■ DATA BLOCK
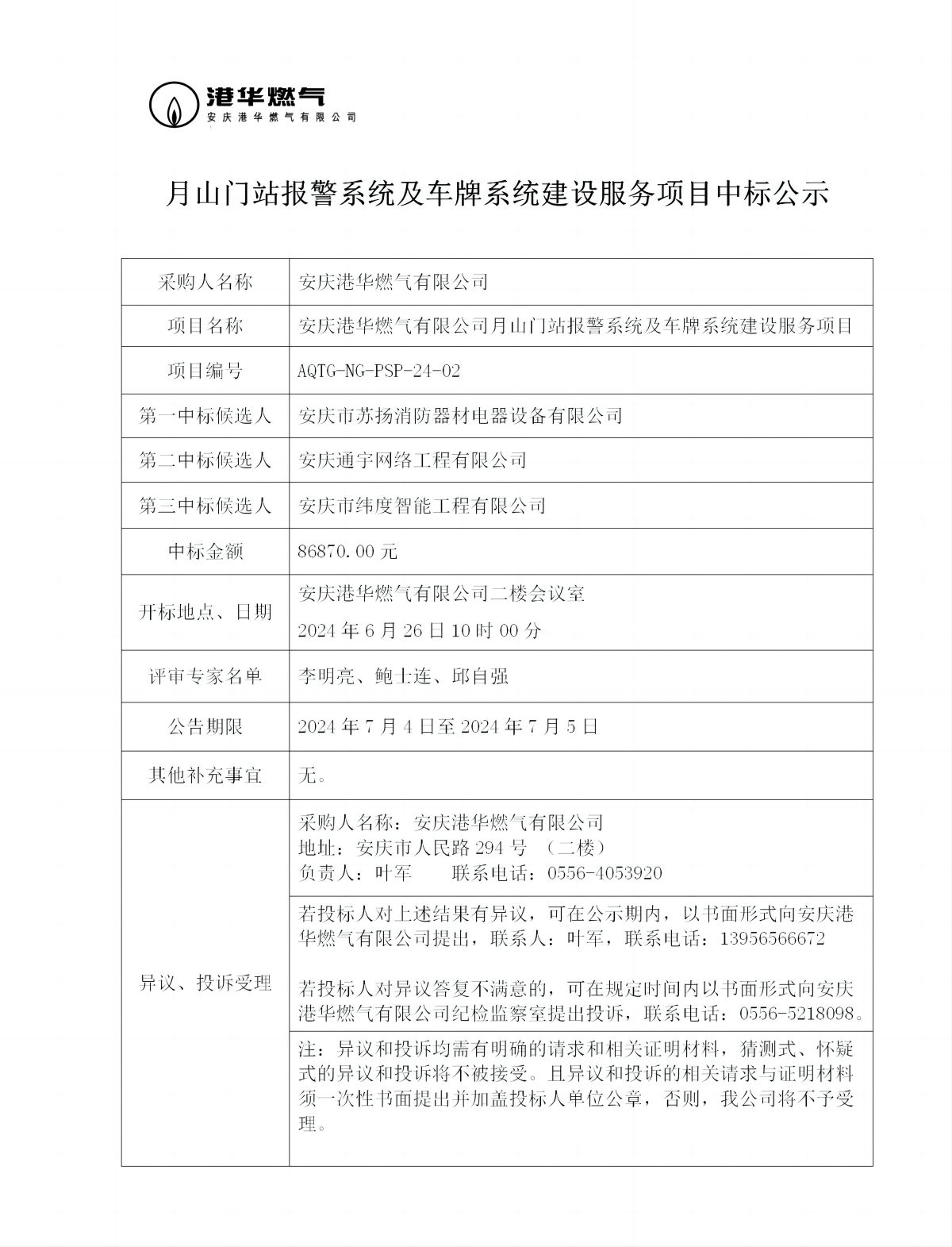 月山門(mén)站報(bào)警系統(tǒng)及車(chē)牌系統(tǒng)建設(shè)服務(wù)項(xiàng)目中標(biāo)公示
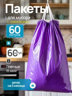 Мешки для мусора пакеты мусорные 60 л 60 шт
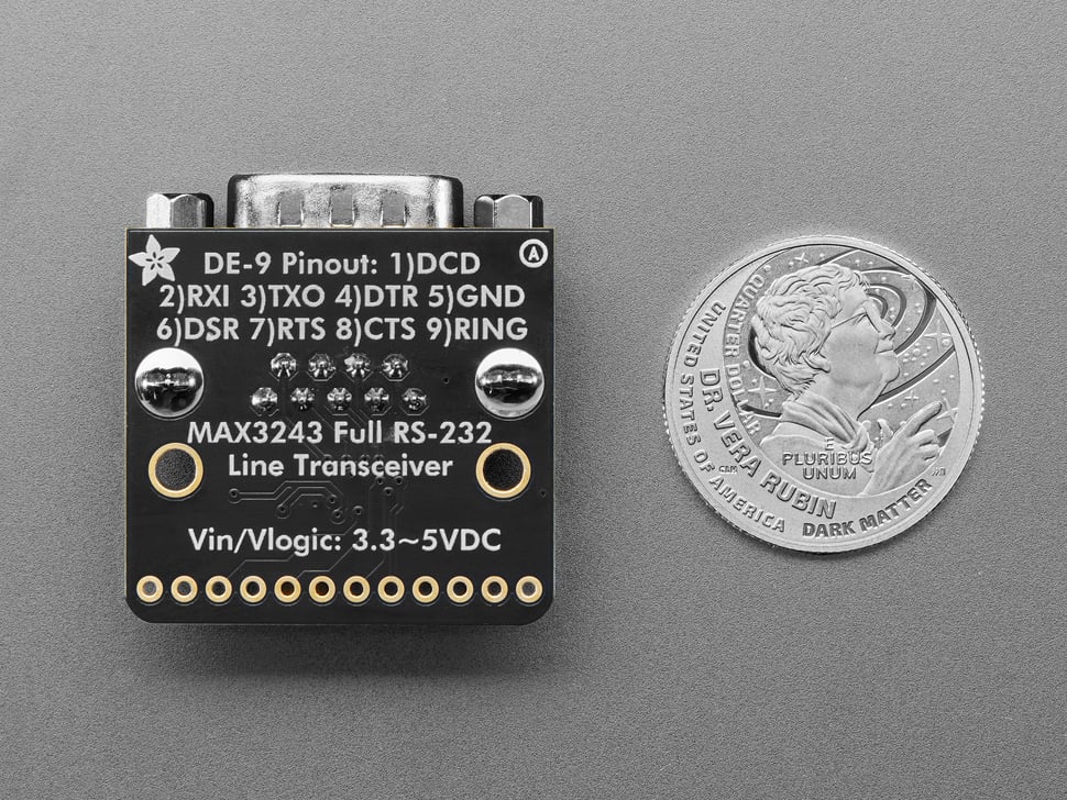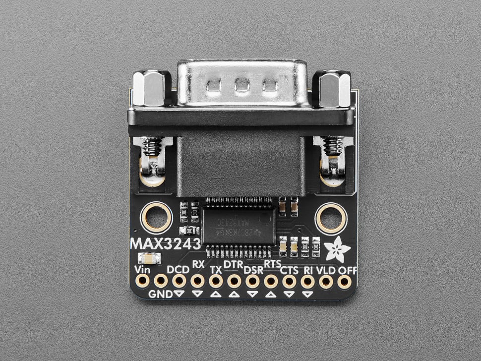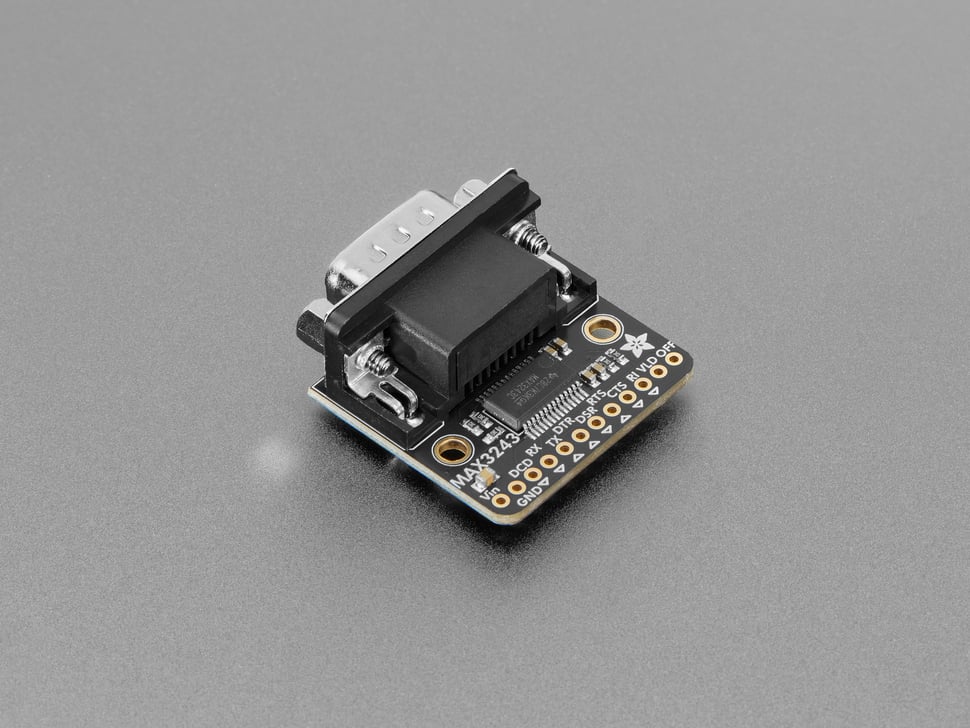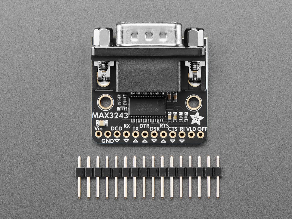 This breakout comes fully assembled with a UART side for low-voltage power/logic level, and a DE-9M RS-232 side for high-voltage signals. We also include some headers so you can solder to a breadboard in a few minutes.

■ WHAT THE EXERCISE ASKS
Where a picture appears, skip it and copy the rest of the data word for word.

■ TASK RESULT
 月山門(mén)站報(bào)警系統(tǒng)及車(chē)牌系統(tǒng)建設(shè)服務(wù)項(xiàng)目中標(biāo)公示
 Мешки для мусора пакеты мусорные 60 л 60 шт
 This breakout comes fully assembled with a UART side for low-voltage power/logic level, and a DE-9M RS-232 side for high-voltage signals. We also include some headers so you can solder to a breadboard in a few minutes.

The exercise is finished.